[Start of Attachment]
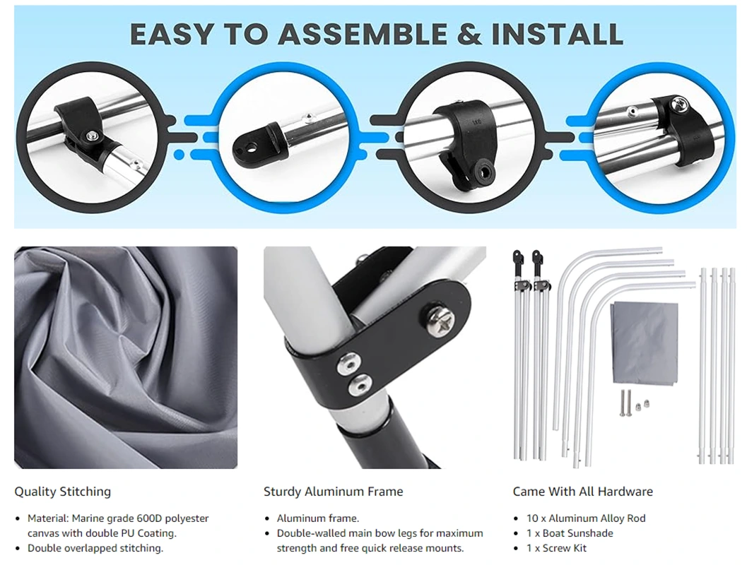 10 x Aluminum Alloy Rod 1 x Boat Sunshade 1 x Screw Kit |
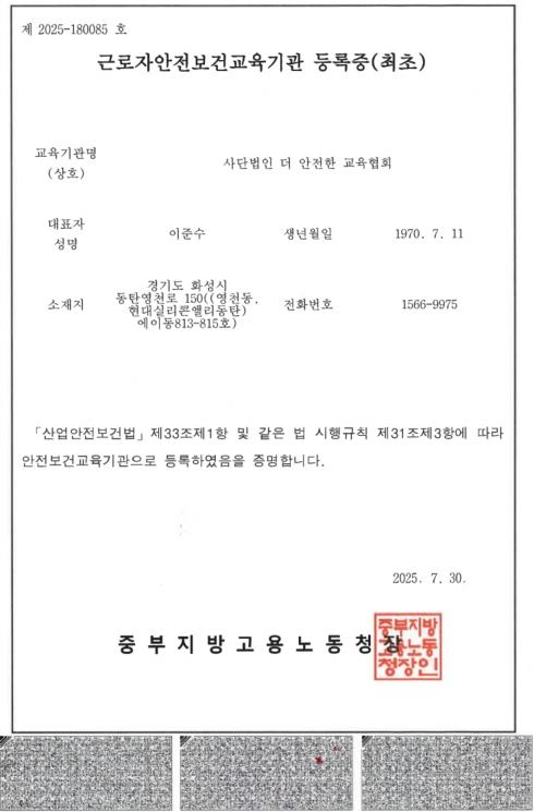 첨부파일 1 : 근로자안전보건교육기관 등록증_더안전한교육협회.pdf
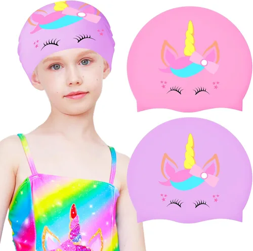 2 gorros de natación de silicona para niños y niñas (edad 3-12) cubre las orejas, gorro de baño impermeable para mantener el cabello seco, sombrero
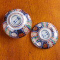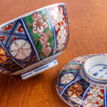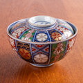 金彩や色絵の華やかさが目を惹く蓋茶碗です。
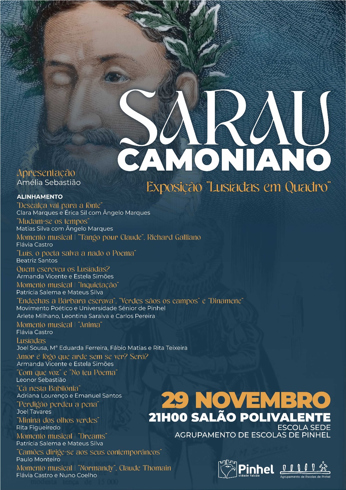 No âmbito das Comemorações dos 500 anos do nascimento de Camões, o Município de Pinhel e o Agrupamento de Escolas de Pinhel, em parceria com o Movimento Poético Pinhelense, a Universidade Sénior e mais alguns convidados, entre os quais artistas locais ligados à música, vão promover um Sarau Camoniano dedicado àquele que é um dos maiores nomes da literatura mundial e cuja obra ocupa, ainda hoje, o lugar cimeiro na história da cultura portuguesa.
[End of Attachment]
What to do: Would you please transcribe the listing in full, exactly, while omitting the images?

Result of the exercise:
 10 x Aluminum Alloy Rod 1 x Boat Sunshade 1 x Screw Kit |
 첨부파일 1 : 근로자안전보건교육기관 등록증_더안전한교육협회.pdf
 2 gorros de natación de silicona para niños y niñas (edad 3-12) cubre las orejas, gorro de baño impermeable para mantener el cabello seco, sombrero
 金彩や色絵の華やかさが目を惹く蓋茶碗です。
 No âmbito das Comemorações dos 500 anos do nascimento de Camões, o Município de Pinhel e o Agrupamento de Escolas de Pinhel, em parceria com o Movimento Poético Pinhelense, a Universidade Sénior e mais alguns convidados, entre os quais artistas locais ligados à música, vão promover um Sarau Camoniano dedicado àquele que é um dos maiores nomes da literatura mundial e cuja obra ocupa, ainda hoje, o lugar cimeiro na história da cultura portuguesa.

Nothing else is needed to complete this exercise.